The obelisk, made of Aswan granite, has an interesting history. It is connected with the emperor Domitian, and was originally thought to have come from the Serapeum, which the emperor rebuilt in A.D. 80. However, it is equally plausible that the obelisk might have originated from the Temple of the Gens Flavia on the Quirinal Hill, built by Domitian dedicated to his family cult. The hieroglyphic inscriptions on the obelisk were of Roman authorship, offering a hymn to Domitian, and the deified emperors Vespasian and Titus, possibly on the occasion of something being restored.
It was moved in the 4th Century, after which both its original location and the knowledge of how to read the hieroglyphic carved upon it were lost. However, it still looked really cool, and the lost language on it added a healthy dollop of mystique. In the early 1600's Pope Innocent X decided to have it moved again, to the plaza in front of his family home, with a suitable setting, of course, and commissioned a Jesuit scholar named Athanasius Kircher to oversee the effort.
As I said, the knowledge of translating hieroglyphics was lost at that time, and not really regained for another 200 years. Kircher didn't let that stop him though, and attempted his own translation anyway. To be fair to him, someone eventually had to be the person to figure it out, so why not him?
Well ... it wasn't him. Boyohboy was it not him. In particular, that diagram of his linked in the question appears to be Kircher's own attempt to illustrate his translation off the (now) south face of the obelisk, which he translated (into Latin like you see on that diagram) as:
'To the triform Divinity Hemptha - first Mind, motor of all things, second Mind, craftsman, pantamorphic Spirit - Triune Divinity, eternal, having no beginning or end, Origin of the secondary Gods, which, diffused out of the Monad as from a certain apex into the breadth of the mundane pyramid, ...

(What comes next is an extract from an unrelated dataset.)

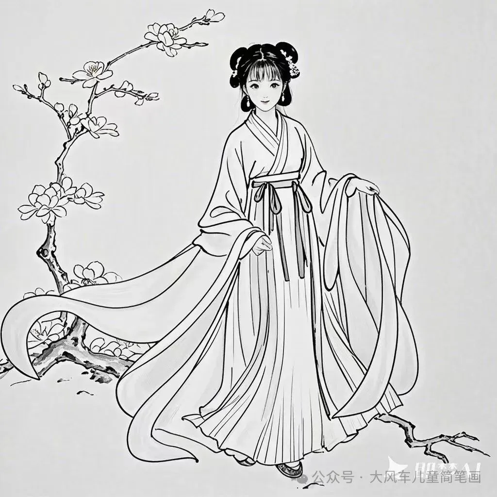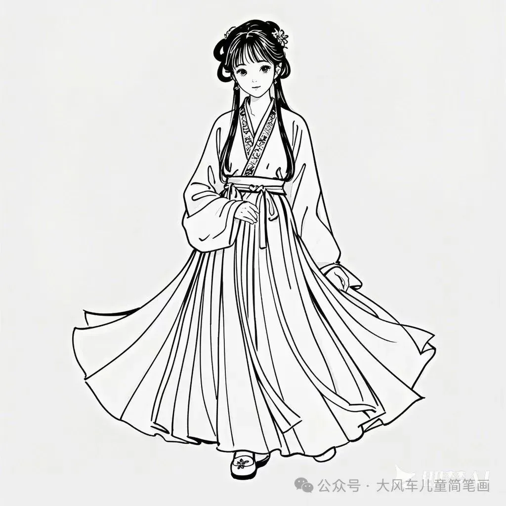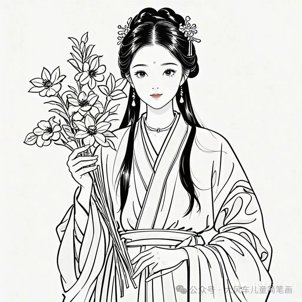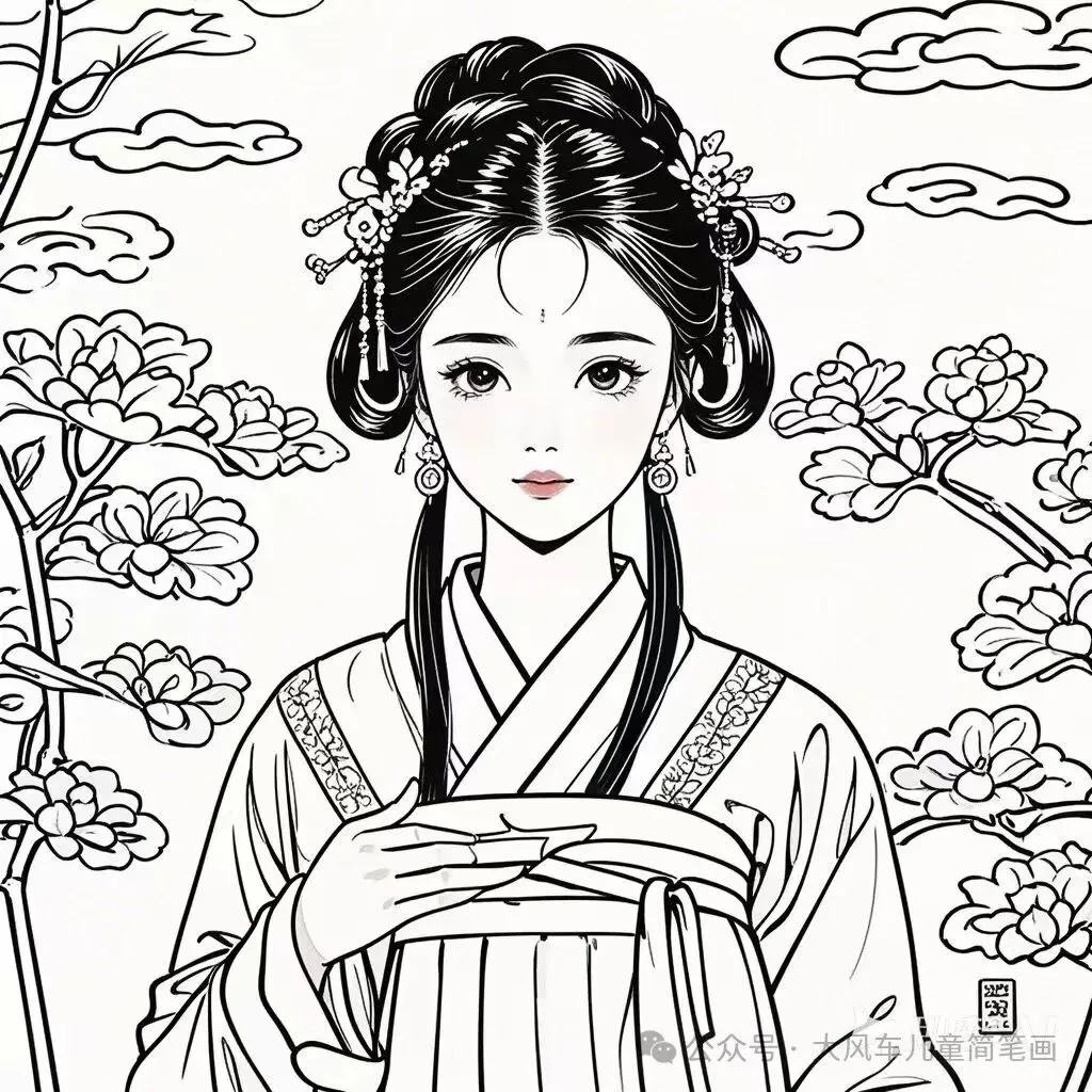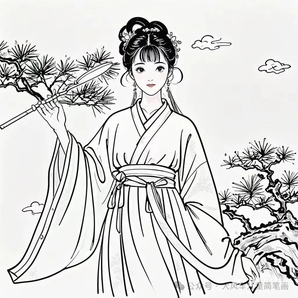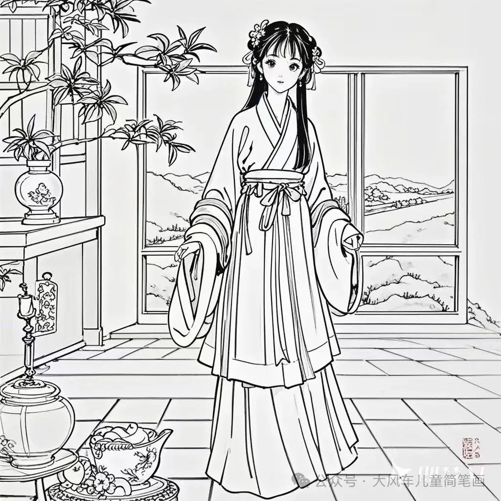 可爱简笔画,人人可学会 治愈系 俊俏妖娆 绝美的古风中国少女 线稿 涂色

It goes on in this poetic vein for quite a while, but you can see where his diagram of the pyramid with the trinity flows from this translation. The picture itself appears to be from a book he wrote about his work in 1650, Obeliscus Pamphilius (Pamphilji was the pope's family name).
So when the hieroglyphs were actually deciphered two centuries later, thanks to the discovery of the Rosetta Stone, what did they say? "Horus, strong bull, beloved of Maat."
Oh well. Not all theories are winners, right?